Bobillette

Banc public

Par Ariane Chalant

Publié le 4 juin 2025

Ouf, je me suis bien reposé. La nuit était douce et tranquille. Je viens d’entendre le gardien ouvrir les grilles du jardin. Il fait son tour d’inspection. Je sais qu’il n’a guère le temps ; je sais aussi que parmi les vingt-cinq jardins qu’il ouvre, celui-ci fait partie de ses préférés. 

Tiens, il s’assoit une seconde. Je me fais souple pour lui donner l’allant nécessaire à sa journée.

De bien bonne heure, voici les premiers passants, des gens pressés qui prennent le jardin comme raccourci. Ils ne me regardent pas, ne se demandent pas si je suis le banc sur lequel ils vont se poser un instant. Je suis pourtant bien placé, presque au centre du jardin, sur la trajectoire des deux portillons principaux, en même temps un peu éloigné des points de circulation, et proche des structures de jeux pour les enfants.

Il y a toujours moins de monde le matin mais il fait si bon ! si doux. Ah ! voici une nounou avec un petit en poussette, un à peine plus grand sur le marche-pied contre elle. Mon Dieu que cet enfant est beau. Le sait-il déjà ? La nounou s’assoit et le petit qui marche, trotte allègrement vers la structure, grimpe à l’échelle tandis que le bébé réclame les bras. La nounou le prend et l’assoit d’abord à côté d’elle, sur moi, puis par terre, derrière moi, dans l’herbe. La nounou téléphone.

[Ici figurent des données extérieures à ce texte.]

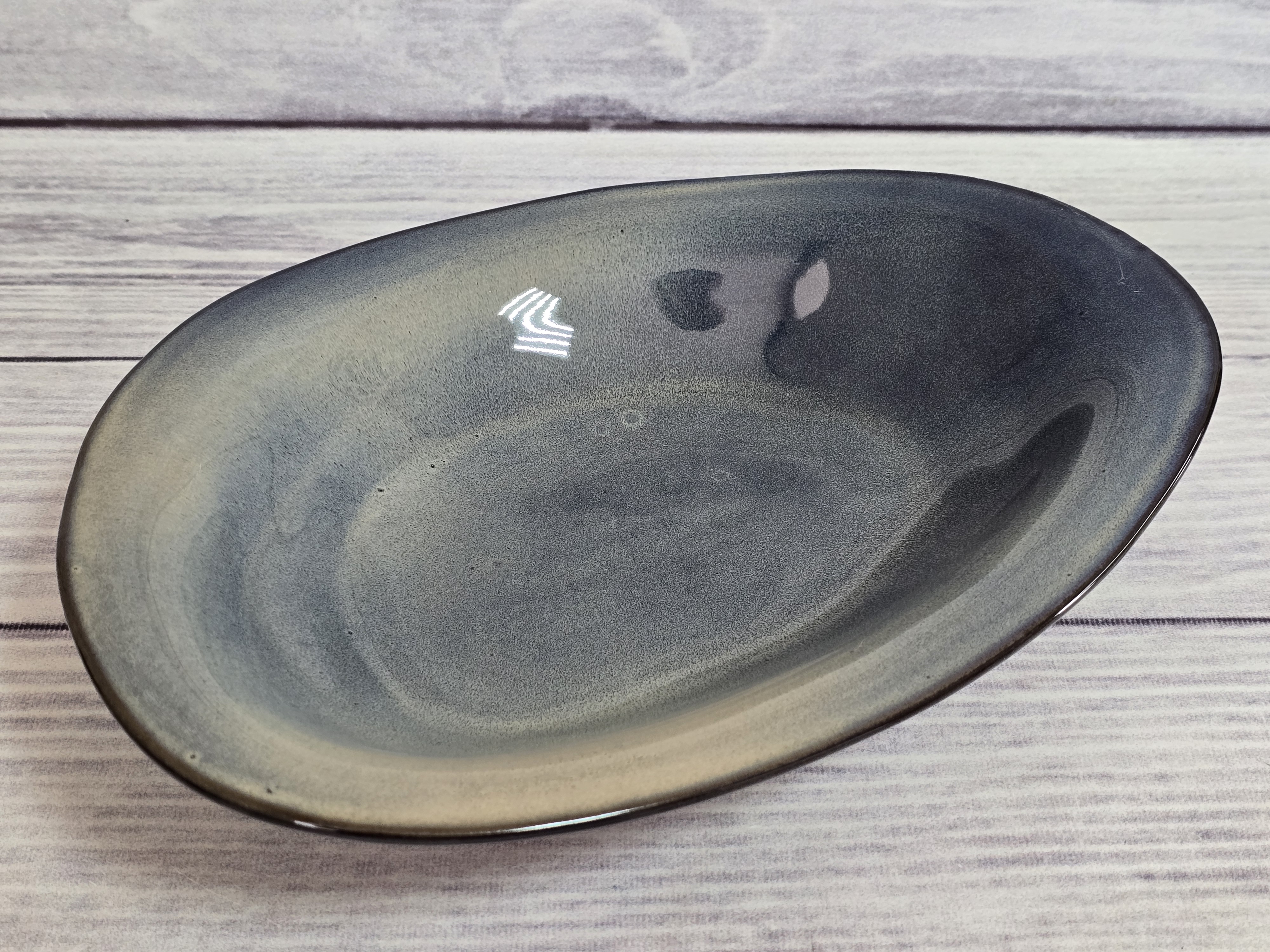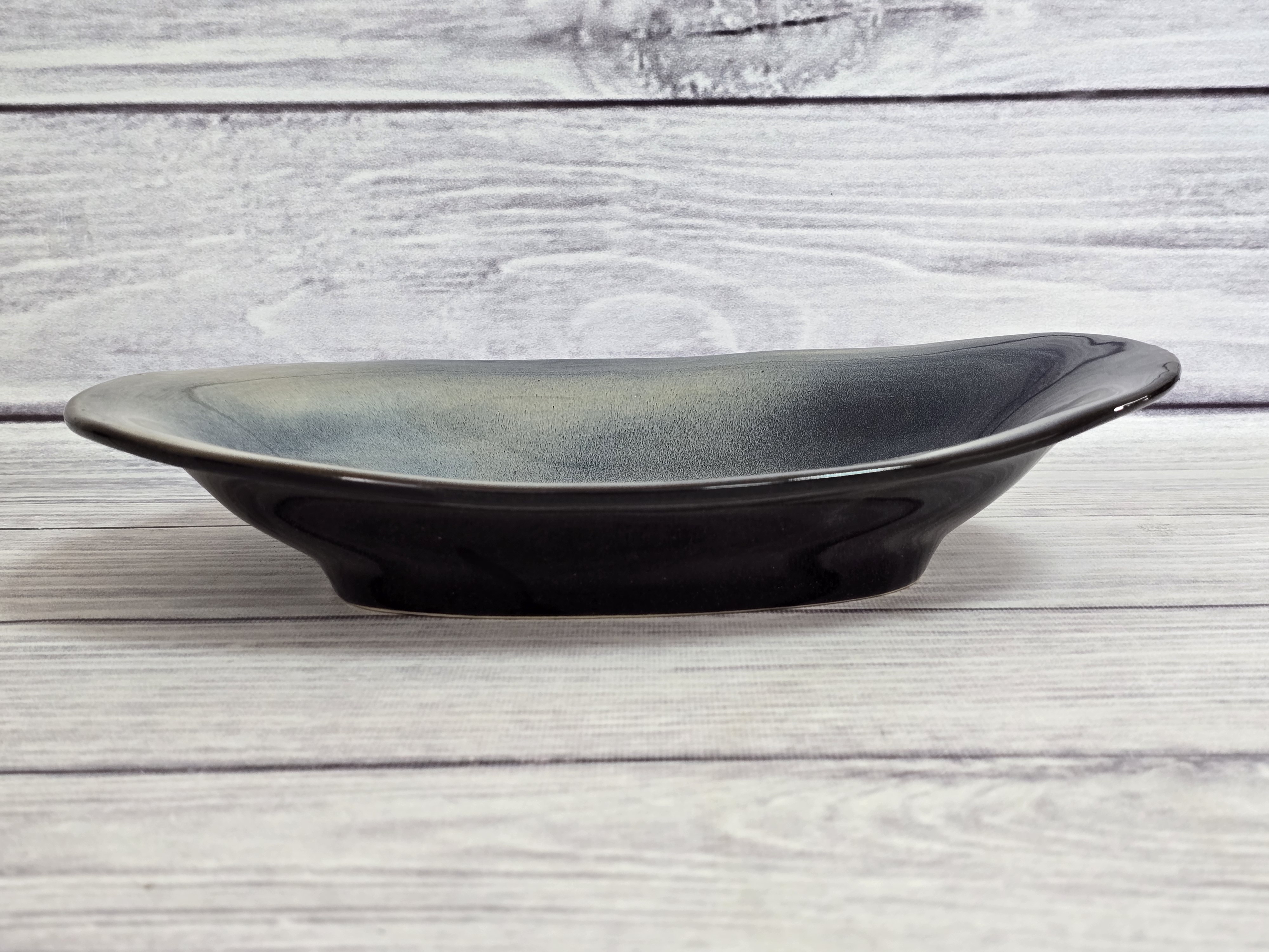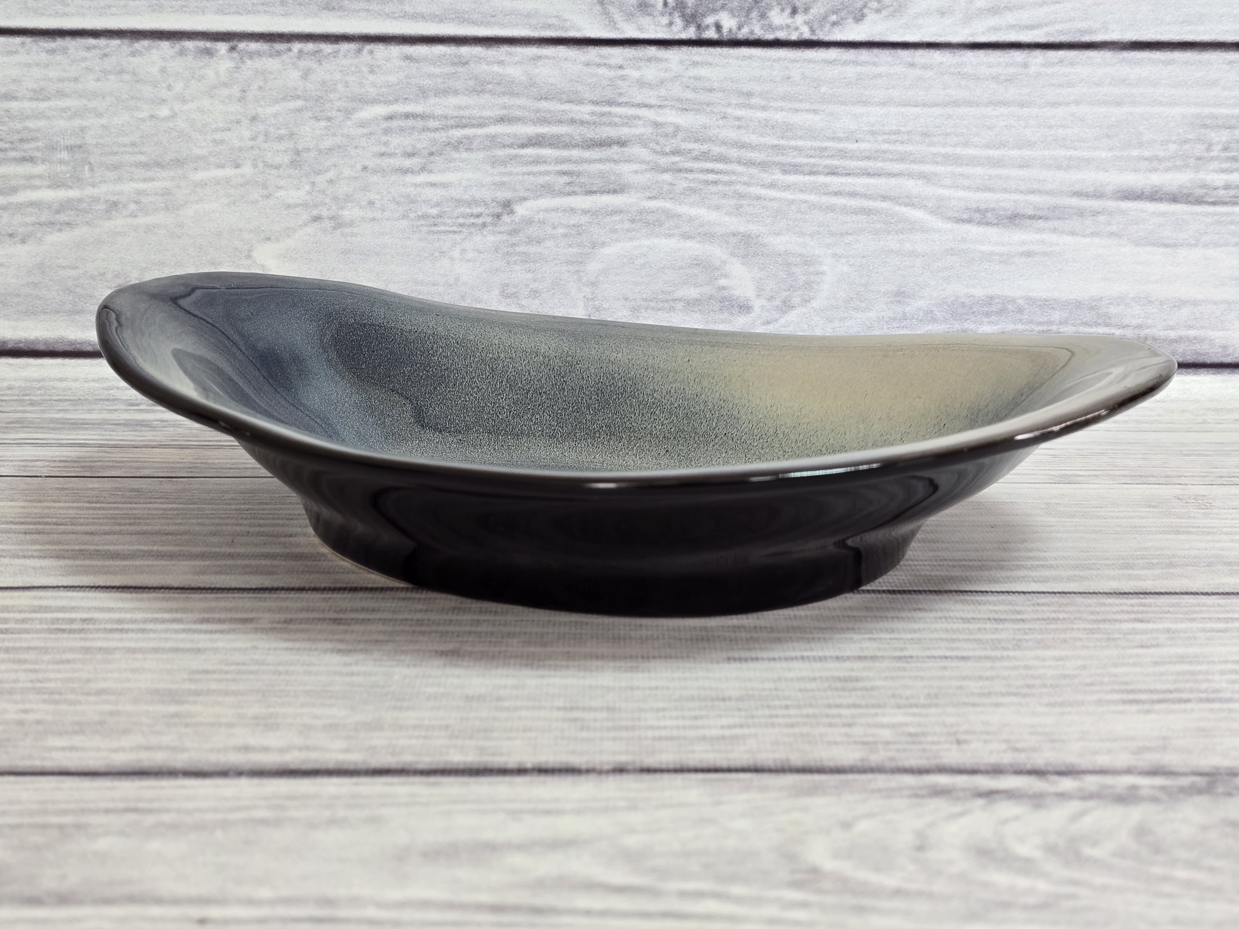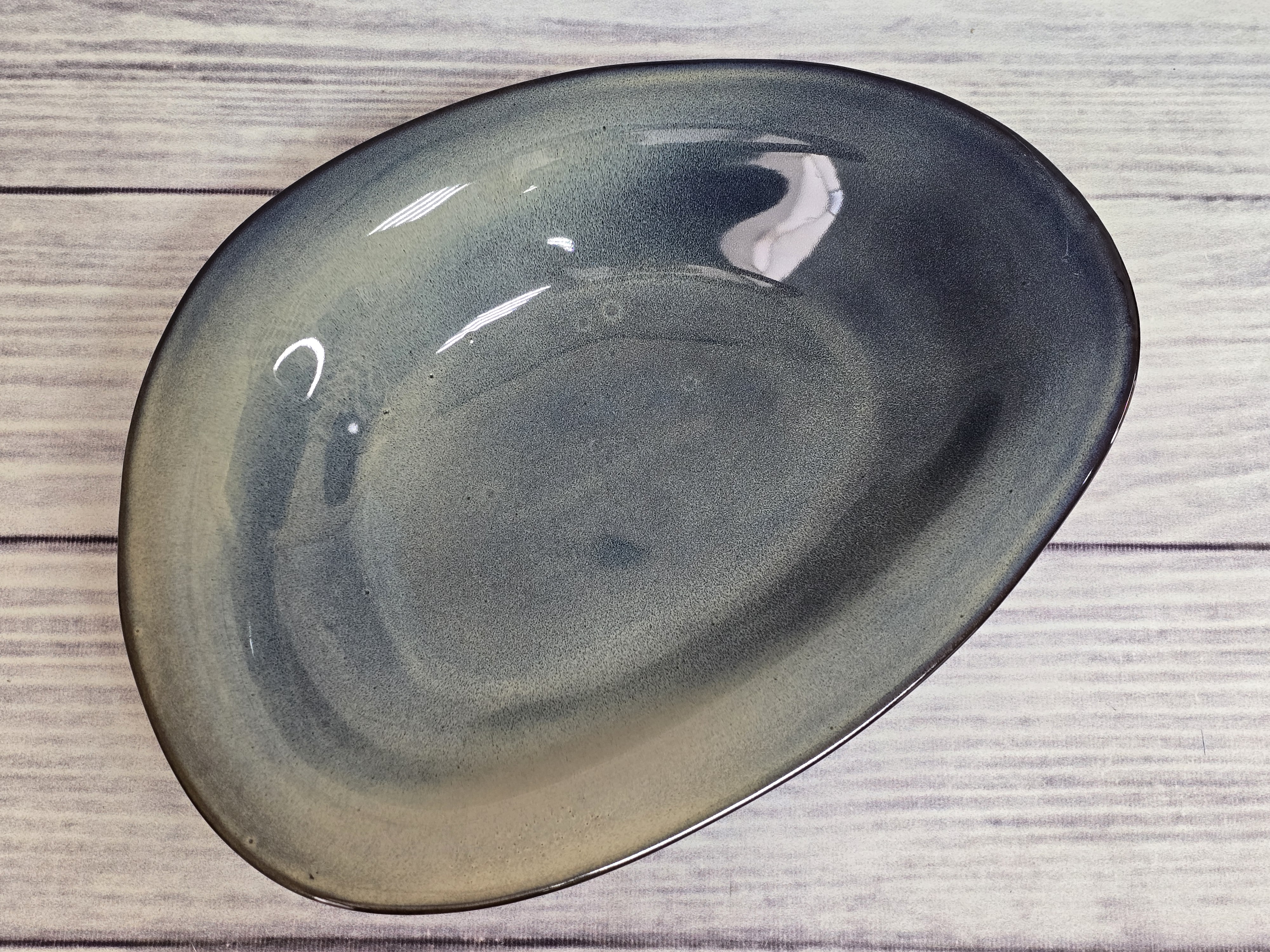 Тарелка неправильной формы. Грациозное и вместительное изделие будет настоящим украшением стола. Отличная идея для необычной подачи салатов или первых блюд. Является дополнением к тарелке barchetta. Тарелка пригодна для использования в микроволновой печи и посудомоечной машине. Глянцевая поверхность с бежево-синими хаотичными переливами.

Une autre lui succède, puis une autre s’adjoint. Les enfants, très jeunes, vont et viennent malhabiles et contents tandis que les nounous bavardent. Un aventureux tente de grimper sur moi. C’est bien haut. La nounou donne à peine un coup de main, mine de rien, et le petit est juché. Fier, il lève les bras puis s’applaudit. Maintenant, je sens à la pression de ses petits pieds qu’il s’apprête à sauter. Je sens aussi que la nounou se lève brusquement. Elle lui tend les bras. Il s’élance, confiant, elle le rattrape au vol. Il rit, la nounou a tremblé un instant, je le sens lorsqu’elle se rassoit.

Le jardin commence à s’animer. C’est un jour de semaine. Un homme entre deux âges pose une fesse sur mon coin. Il est dans une conversation téléphonique manifestement compliquée. Je sens sous son postérieur la tension monter. C’est pour cela qu’il ne s’est pas vraiment assis, il n’est pas tranquille. Il se lève brusquement, se rassoit, me transmet comme une décharge électrique chaque fois qu’il s’assoit. Il se lève à nouveau, le verbe haut et s’en va à grands pas. Je ne l’entends plus.

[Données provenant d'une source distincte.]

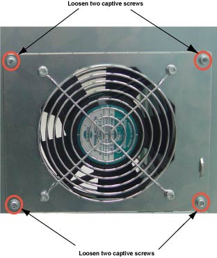 3. Remove the four (4) 4mm socket cap screws, nuts, and washers that hold the Fan to the mounting bracket. Save the screws and the fan guard.
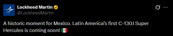 A través de un post en su cuenta de X (antes Twitter), la compañía de industria militar Lockheed Martin, dio a conocer la adquisición por parte de las Fuerza Aérea Mexicana (FAM) de su primer avión de transporte táctico C-130J-30 ‘Super Hercules’.
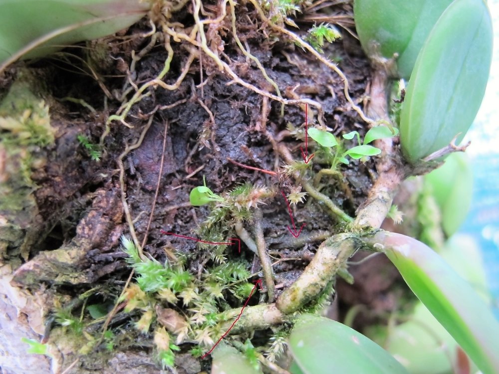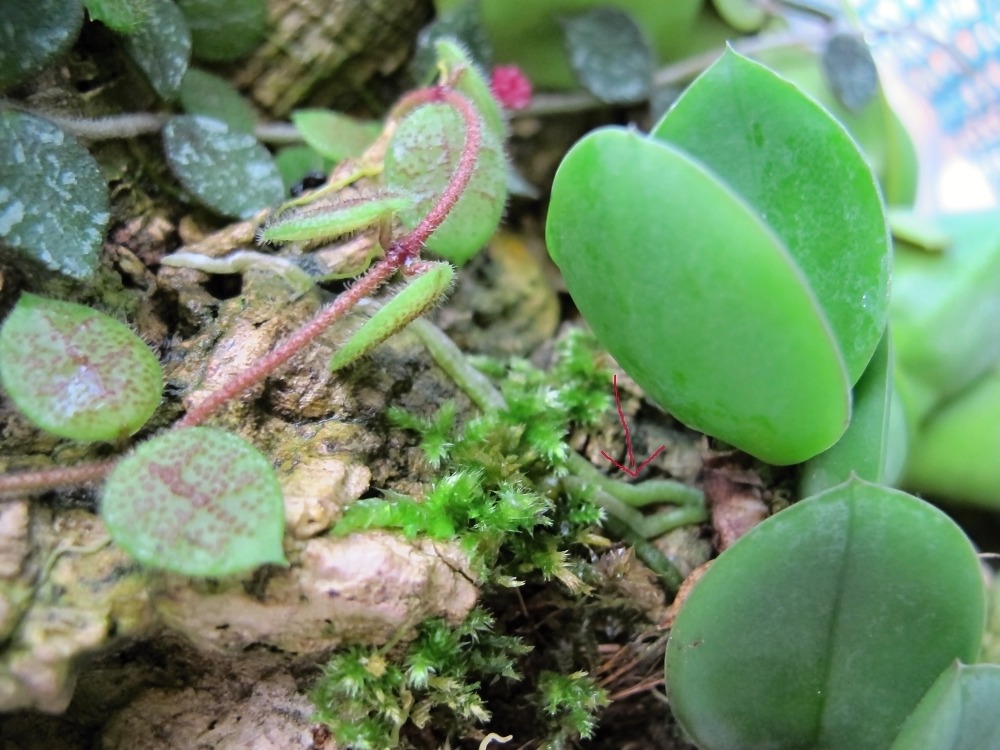 Karlos píše: Meiracyllium má tak citlivé kořeny, že i trocha sphagna jiim škodila! . Pop tíhou tvých krásných kořenů jsem šla propátrat moje Meiracilium trinasutum.Otrhala jsem mech a posílám foto(označeno šipkami ostatní kořeny jsou Dischidie )-kořeny tam jsou ale zdají se mě slabší než v části kde Meiracilium už přerostlo z dosahu mechu.Tam jich je na jednom místě víc -vidíš jeví se to jako lepší varianta.Tak to tak nechám. Zapoměla jsem dodat -a ještě ti tvoje Meiracilium pokvete .
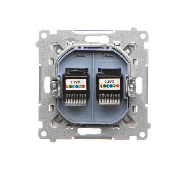 Zásuvka telefonní RJ12, 2 násobná (přístroj s krytem) světle šedá matná

On doit approcher de la pause déjeuner car le jardin est tout à coup envahi de petits groupes, couples, individus isolés munis de salades ou de sandwiches. 

Deux pimprenelles me choisissent. Elles sont charmantes, elles pépient gaiement, rient volontiers, se moquent, je crois comprendre que c’est d’une connaissance de travail. Elle n’en finissent pas de gloser. Elles me fatiguent. Elles finissent par se lever et si elles vont mettre leur déchets dans la poubelle proche, elles laissent traîner derrière elles, sur moi, une serviette en papier et même un masque. Cela ne m’étonne pas de ces péronnelles peu attentives et apparemment peu bienveillantes.

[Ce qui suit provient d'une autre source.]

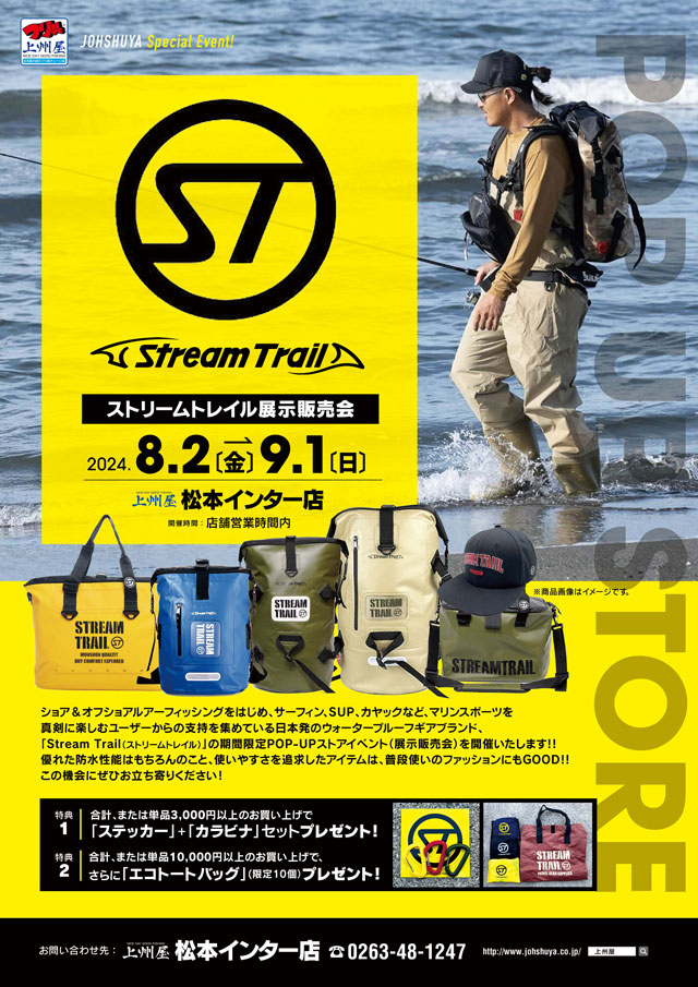 2024年8月2日(金)~9月1日(日)の期間中、上州屋松本インター店にてストリームトレイル展示販売会を開催!店内に特設POPUPコーナーが登場します!
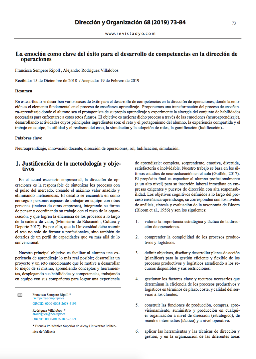 Sempere F., Rodríguez A. (2019). La emoción como clave del éxito para el desarrollo de competencias en la dirección de operaciones. Dirección y Organización, 68, julio 2019, 73-84. ISSN: 1132-175X
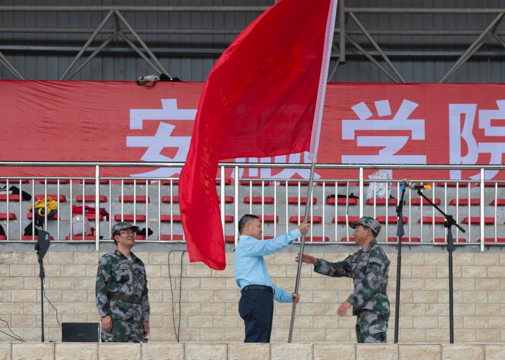 在雄壮激昂的国歌声中,安顺学院2019级新生军训动员大会正式拉开帷幕。陶文彩副书记宣布安顺学院2019级学生军训团干部名单,吴次南校长向军训团副团长蔡少平同志授予安顺学院军训团团旗。
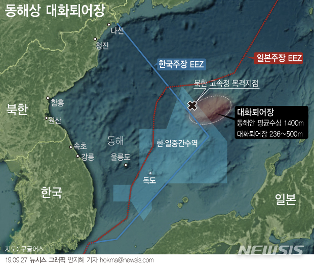 【서울=뉴시스】김예진 기자 = 일본 언론에서 북한이 동해상 대화퇴(大和堆·일본명 야마토타이)어장의 영해권을 일본에게 주장하고 나섰다는 보도가 나왔다.
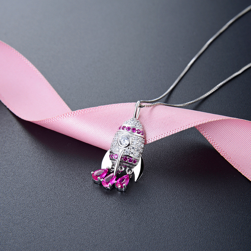 Korean fashion temperament clavicle chain girl accessories s925 silver diamond zircon creative personality rocket necklace pendant
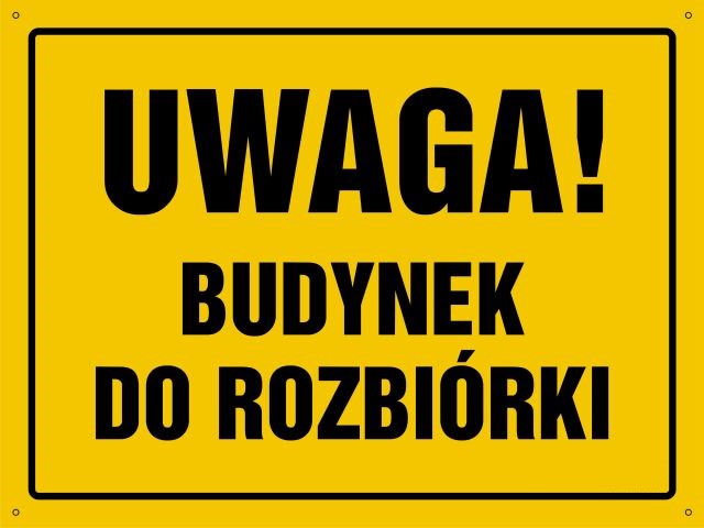 UWAGA ! Budynek do rozbiórki - tablica budowlana

Les gens se succèdent maintenant au point que je ne peux les décompter. Je n’ai plus de place à offrir le plus souvent. Certains restent longtemps avec leur livre où le visage tourné vers le soleil, d’autres ne font qu’une courte pause. L’après-midi s’écoule et je saisis par leur fondement le poids de ces vies passantes. Je soutiens, je réconforte, je supporte, je fais mon maximum pour être halte secourable ou repos d’un instant.

Lorsque la fin de l’après-midi s’engage, le tourbillon que je connais bien apparaît, les pas s’accélèrent, les marcheurs se densifient et puis, inexorablement, le flot s’éclaircit et les silhouettes se raréfient.

Le gardien des lieux arrive, sort sa clef du paradis pour me laisser rêver en paix au jour passé, et au jour futur.